Database migration roadmap with Microsoft: Today’s organizations must adapt quickly to change, using new technologies to fuel competitive advantage, or risk getting left behind. Organizations understand that data is a key strategic asset which, when combined with the scale and intelligence of cloud, can provide the opportunity to automate, innovate, and increase the speed of business. But every migration journey is unique, so knowing the tricks of the trade will make your journey far easier. In this session, we use real-world case studies to provide details about how to perform large-scale migrations. We also share information about how Microsoft is investing in making this journey simpler with Azure Database Migration Service and related tools.

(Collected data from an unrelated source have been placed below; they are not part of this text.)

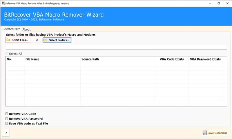 BitRecover VBA Macro Remover 是从 PowerPoint 中删除宏的完美解决方案。我们都知道一个VBA项目可以存储多个宏。该宏删除器能够删除任何 VBA 项目中的所有宏,因此您可以轻松地从所有插入的项目中批量删除它们。此外,它还为您提供了选中和取消选中特定 VBA 项目以将其删除的选项。该工具包是一个很好的解决方案从Word文档中删除宏。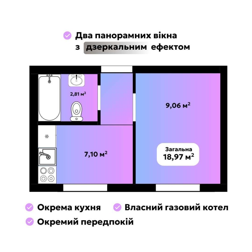 ГАЗ КОТЕЛ Смарти та студії 16-25 м2 СОН ПАНЕЛІ 1.5 км до Києва.
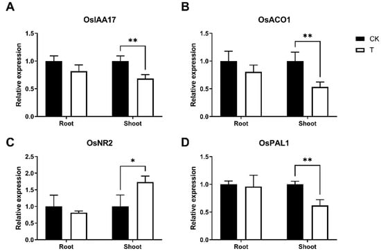 Relative expression of the signaling molecule-related genes OsIAA17 (A), OsACO1 (B), OsNR2 (C), and OsPAL1 (D) in Cd-N. (Values are means with SD, n = 4, p value style is APA, p > 0.05, *: p < 0.05, **: p < 0.01).
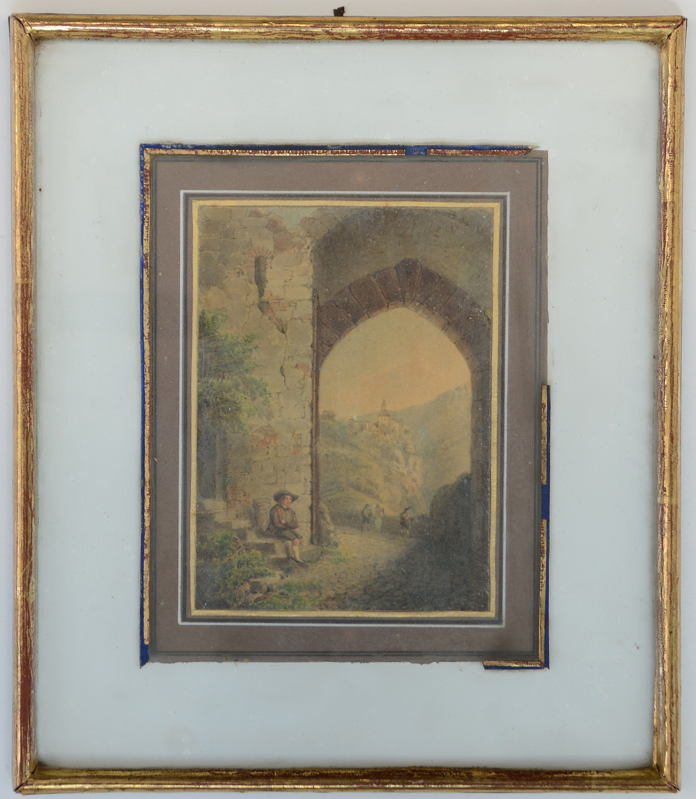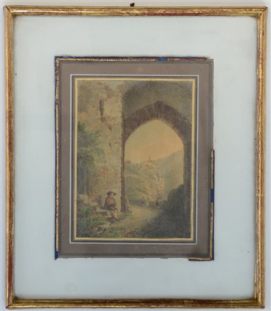 Scuola del secolo XIX "Paesaggio con figure" dipinto ad olio (cm 12x8) In cornice

What’s new with Azure SQL Database: Focus on your business, not on the database: – Azure SQL Database is Microsoft’s fully managed, database-as-a-service offering based on the world’s top relational database management system, SQL Server. In this session, learn about the latest innovations in Azure SQL Database and how customers are using our managed service to modernize their applications. Our most recent version combines advanced intelligence, enterprise-grade performance, high-availability, and industry-leading security in one easy-to-use database. Thanks to innovations such as In-Memory OLTP, Columnstore indexes, and our most recent Adaptive Query Processing feature family, customers can rely on Azure SQL DB for their relational data management needs, from managing just a few megabytes of transactional data.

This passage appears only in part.